Lab-00: Science, Human Experience, Experiments, and Data

Some Data Games

Let us start with a couple of small rumpus/games.¹

Game-1: Making Sushi

I will call out a few random characteristics, such as “People who wake up before 0800 hours in the morning”, or “People who love Sushi”. We will see how our classgroup spontaneously reorganises itself based on these characteristics.

Questions to Ponder:

Did you stay in the one group you chose?
If you moved, why did you move?
How did you know “where to stand”? (like Archimedes seems to have known)
Did you feel some groups to be “cooler” than say the groups you were in?
If you were to look down at our classroom arrangement from the ceiling, how would you know which group was which?

Game-2: Thinking like Kandinsky

Look around the room, at the people, furniture, walls, fittings…. and write down as many abstract nouns that pertain to concrete things as you can.
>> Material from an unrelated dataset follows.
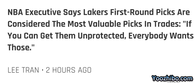 24直播网09月05日讯 ,一位NBA高管接受记者Sean Deveney的采访,谈到了湖人的两个首轮签,在他看来,这是联盟中的选秀权里最有价值的。

A concrete noun is a noun that can be identified through one of the five senses (taste, touch, sight, hearing, or smell).

An abstract nounnames a quality or an idea that cannot be physically quantified with the senses. Instead, it symbolises an abstract concept, such as a feeling, a quality, or an idea. In other words, abstract nouns are intangible concepts.

Questions to Ponder:

Did any of the Abstract Nouns “show up” in the way you formed Sushi groups?
How did you know “where to stand”? ( like Archimedes seems to have known)
Did you feel some groups to be “cooler” than say the groups you were in?
If you were to look down at our classroom arrangement from the ceiling, how would you know which group was which?
How could you possibly use some of the Abstract Nouns in the Sushi-group-making?

The Nature of Data

Why Visualize?

So now that we know where data comes from, why do we want to visualize it?
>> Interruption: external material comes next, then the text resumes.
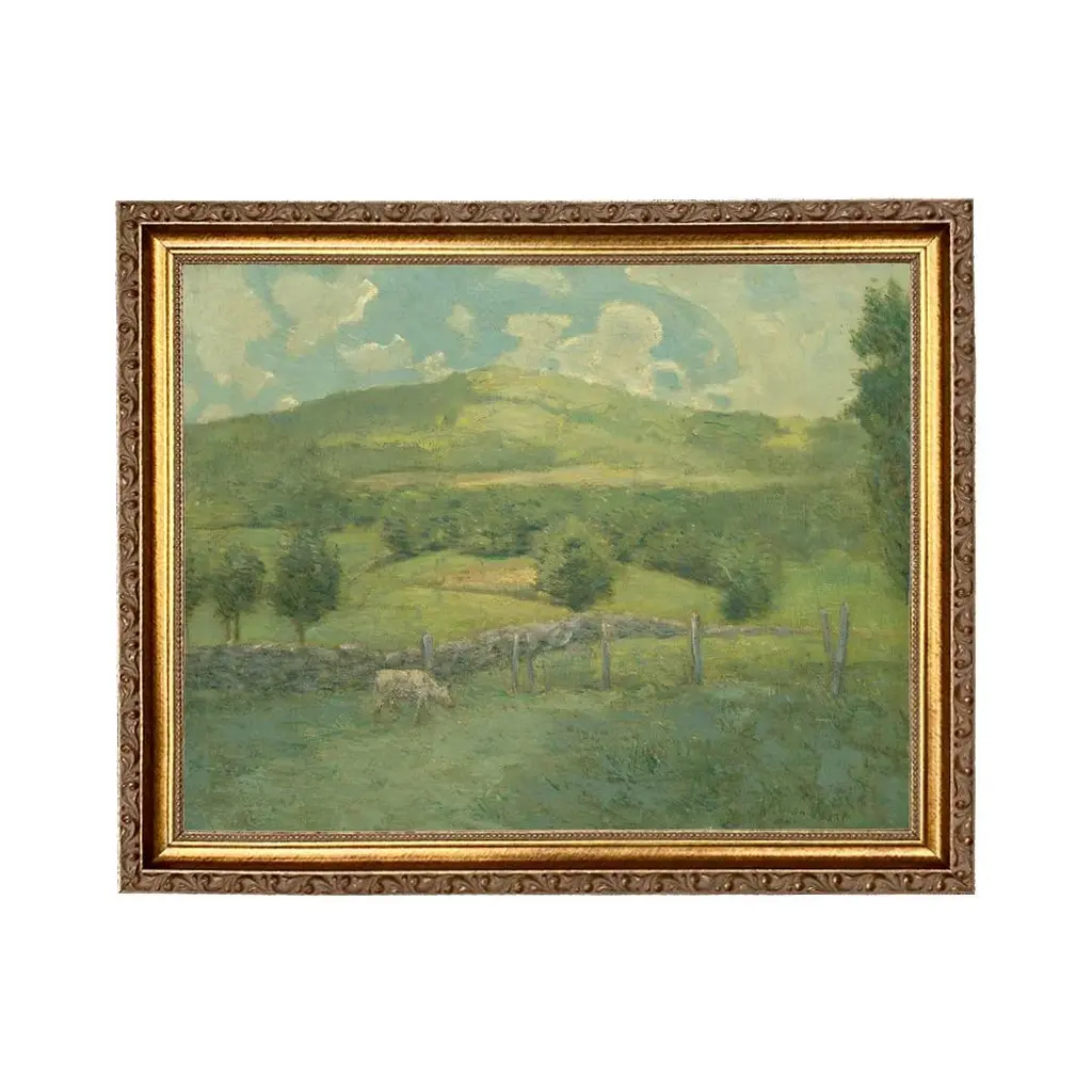 Accurate print reproduction of the original oil painting by American impressionist painter Julian Alden Weir (1852-1919), this image is printed on canvas, mounted to a board and treated with a historic looking varnish. Framed in a thin gold wood frame, the back is finished with craft paper and a sawtooth hook. Made in the USA. • Painting print: 11" x 14" • Finished frame size: 13" x 16" • Frame width: 1-1/4" • Frame thickness: 1"

We can digest information more easily when it is pictorial
Our Working Memories are both short-term and limited in capacity. So a picture abstracts the details and presents us with an overall summary, an insight, or a story that is both easy to recall and easy on retention.
Data Viz includes shapes that carry strong cultural memories and impressions for us. These cultural memories help us to use data viz in a universal way to appeal to a wide variety of audiences. (Do humans have a gene for geometry?)
It helps sift facts and mere statements: for example:

Figure 1: Source https://www.deccanherald.com/national/india-is-known-as-the-rape-capital-of-the-world-rahul-783495.html

Figure 2: Source https://datareveals.org/crime-data/

Why Code? Why not use no-Code?

There are good arguments in favour of using code to produce charts. There are of course also situations and needs where you may decide to not use code.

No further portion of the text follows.